This definitions covers Key Terms You Must Know within WW2 and Post-War Boom for GCSE History. Revise WW2 and Post-War Boom in America 1920-1973 for GCSE History with 10 exam-style questions and 8 flashcards. This topic appears regularly enough that it should still be part of a steady revision cycle. It is section 9 of 14 in this topic. Make sure you can use the exact wording confidently, because definition marks are often lost through vague language.
Topic position
Section 9 of 14
Practice
10 questions
Recall
8 flashcards
📖 Key Terms You Must Know
- GI Bill (Servicemen's Readjustment Act, 1944)
- Law providing returning veterans with free college education, low-interest home loans, and job training. About 8 million veterans used it for higher education. It created the American suburban middle class — but its benefits were largely denied to Black veterans through discriminatory local administration. One of the most significant laws of the 20th century, but deeply unequal in practice.
- McCarthyism
- The political movement associated with Senator Joseph McCarthy (Republican, Wisconsin), who from 1950 to 1954 made sensational accusations that communists had infiltrated the US government, military, and Hollywood. Few of his specific claims were verified, but the fear he exploited was real — the USSR had nuclear weapons, China had become communist (1949), and the Korean War was being fought. McCarthyism destroyed careers through association and accusation rather than evidence. The term now means any campaign of baseless political persecution.

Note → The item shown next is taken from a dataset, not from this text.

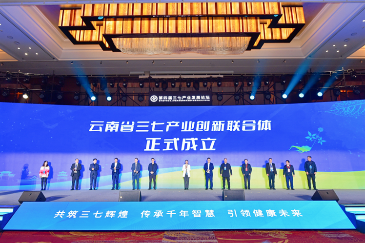 论坛上举行了云南省三七产业创新联合体成立仪式,在15位联合体成员单位代表的见证下,联合体正式成立。云南省三七产业创新联合体由云南省科学技术厅批准成立,以云南省三七研究院有限公司作为牵头单位,联合相关企业、高等院校、科研院所共39家单位组建。联合体依托华润三九的行业影响力,以重大科技项目为纽带,着力解决制约三七产业发展的关键共性技术问题,提升三七产业核心竞争力。

- HUAC (House Un-American Activities Committee)
- Congressional committee established in 1938 to investigate communist influence in American life. Its most famous investigations targeted Hollywood, leading to the imprisonment of the "Hollywood Ten" — directors and screenwriters who refused to answer questions — and the blacklisting of hundreds more. Also investigated trade unions and civil rights organisations, viewing them as communist fronts. A tool of political repression in the early Cold War period.
- "Double V" Campaign
- Campaign begun by the Pittsburgh Courier (a Black American newspaper) in 1942, calling for "Double Victory" — victory over fascism in Europe AND victory over racism at home. Captured the fundamental contradiction of Black Americans fighting for democracy abroad while being denied it at home. The campaign grew to 200,000 subscribers and became a rallying point for the Civil Rights movement.
- Baby Boom
- The dramatic increase in birth rates following WW2 (1946-1964). Returning veterans started families, creating a population surge. The baby boom generation — about 76 million Americans — grew up in suburbs, went to college on the GI Bill's legacy, and became the generation of the 1960s social movements. Population grew from 140 million (1945) to 180 million (1960).
- Cold War
- The state of political and military tension between the USA and USSR (1947-1991) that shaped all of post-war American life. Not a shooting war between the superpowers directly, but expressed through proxy wars (Korea, Vietnam), nuclear arms race, espionage, and ideological competition. The Cold War gave the Civil Rights movement unexpected leverage — America's treatment of Black Americans was a propaganda gift to the Soviet Union, pressuring US presidents to act.